Problem to solve:
The required output is the exact run of lines in the listing below from the line holding "নতুন দলের শীর্ষ" through the line holding "Perfect for those", with no pictures.

Provided data:
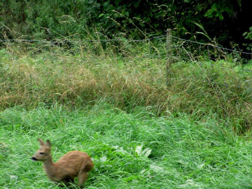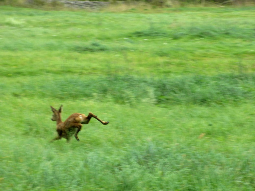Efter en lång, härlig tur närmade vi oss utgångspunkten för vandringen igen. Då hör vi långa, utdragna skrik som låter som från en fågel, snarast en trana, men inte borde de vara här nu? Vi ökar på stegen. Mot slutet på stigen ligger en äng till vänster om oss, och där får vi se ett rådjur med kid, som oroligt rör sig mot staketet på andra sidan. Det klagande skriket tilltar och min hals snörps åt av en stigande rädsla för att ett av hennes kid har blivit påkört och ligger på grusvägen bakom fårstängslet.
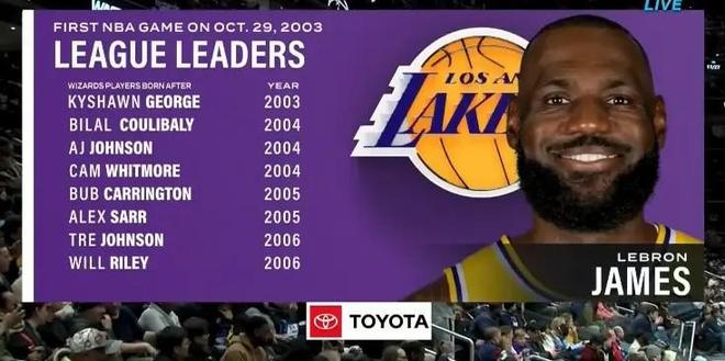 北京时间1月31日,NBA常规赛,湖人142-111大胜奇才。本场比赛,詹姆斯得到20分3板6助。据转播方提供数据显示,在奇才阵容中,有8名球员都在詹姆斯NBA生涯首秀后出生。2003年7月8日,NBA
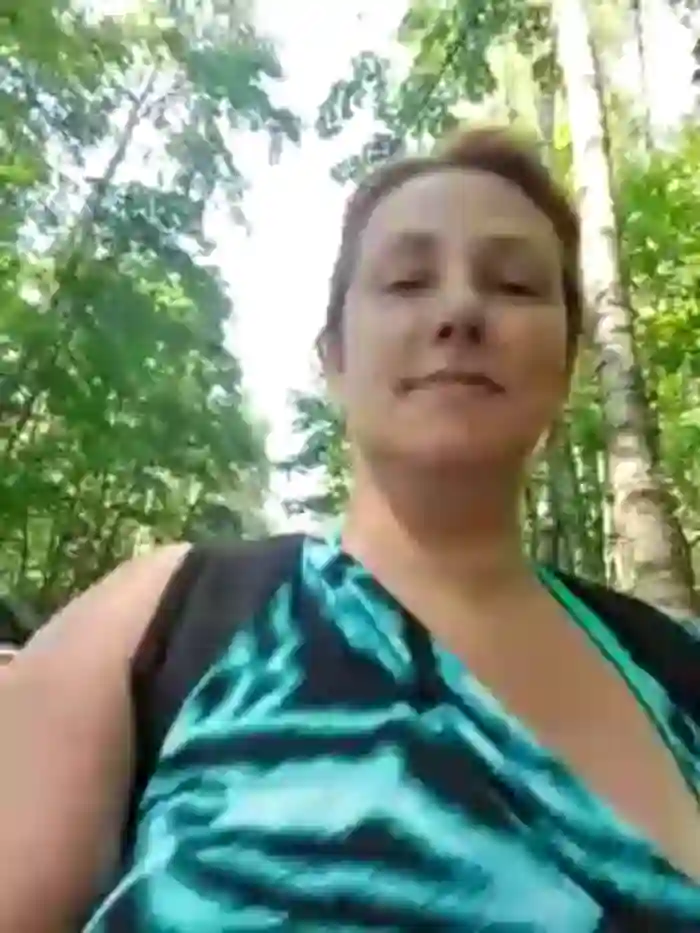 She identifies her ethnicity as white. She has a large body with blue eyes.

--

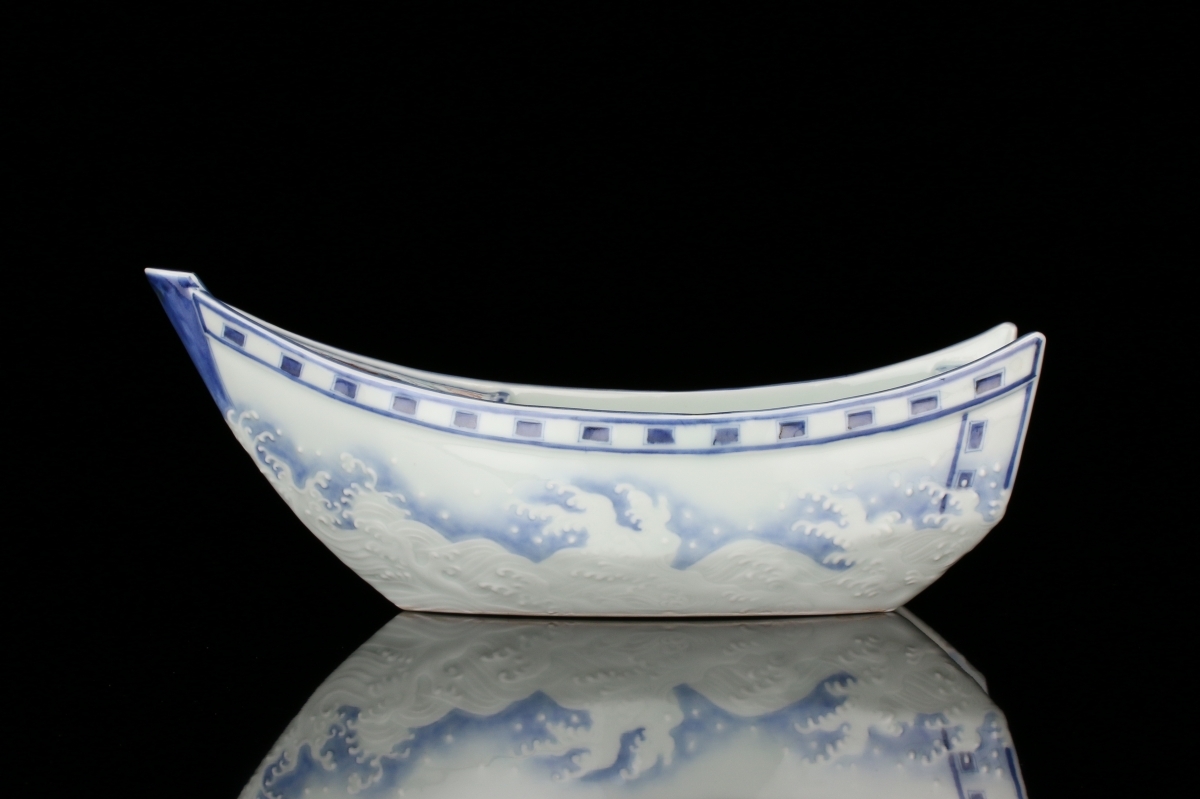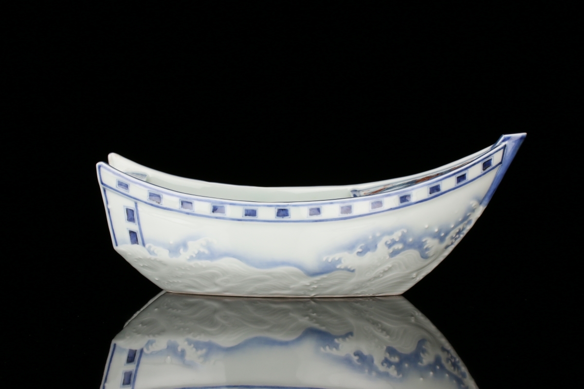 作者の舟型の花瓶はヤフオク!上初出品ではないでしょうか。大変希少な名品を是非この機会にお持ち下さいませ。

...

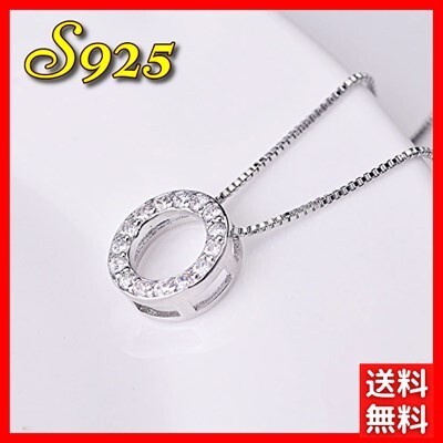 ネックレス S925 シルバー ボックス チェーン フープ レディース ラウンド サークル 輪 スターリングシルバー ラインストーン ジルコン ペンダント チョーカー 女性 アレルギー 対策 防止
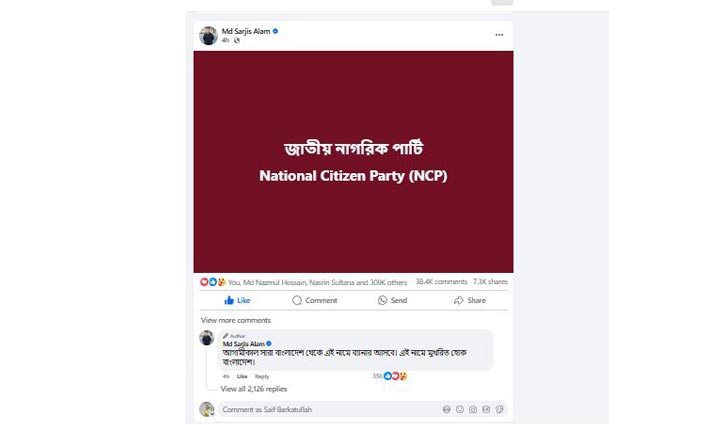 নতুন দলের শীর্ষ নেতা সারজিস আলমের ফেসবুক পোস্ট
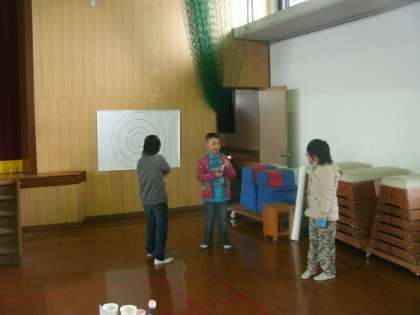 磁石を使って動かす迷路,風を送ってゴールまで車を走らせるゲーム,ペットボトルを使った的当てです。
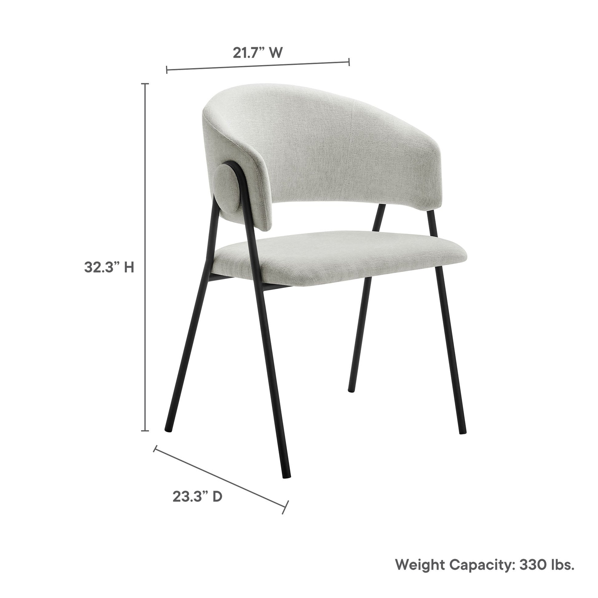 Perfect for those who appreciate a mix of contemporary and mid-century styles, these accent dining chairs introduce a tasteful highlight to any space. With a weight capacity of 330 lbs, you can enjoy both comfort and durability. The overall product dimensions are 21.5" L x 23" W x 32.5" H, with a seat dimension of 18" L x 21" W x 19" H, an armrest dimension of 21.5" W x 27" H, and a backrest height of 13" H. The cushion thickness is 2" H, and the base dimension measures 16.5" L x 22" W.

Result for this task:
 নতুন দলের শীর্ষ নেতা সারজিস আলমের ফেসবুক পোস্ট
 磁石を使って動かす迷路,風を送ってゴールまで車を走らせるゲーム,ペットボトルを使った的当てです。
 Perfect for those who appreciate a mix of contemporary and mid-century styles, these accent dining chairs introduce a tasteful highlight to any space. With a weight capacity of 330 lbs, you can enjoy both comfort and durability. The overall product dimensions are 21.5" L x 23" W x 32.5" H, with a seat dimension of 18" L x 21" W x 19" H, an armrest dimension of 21.5" W x 27" H, and a backrest height of 13" H. The cushion thickness is 2" H, and the base dimension measures 16.5" L x 22" W.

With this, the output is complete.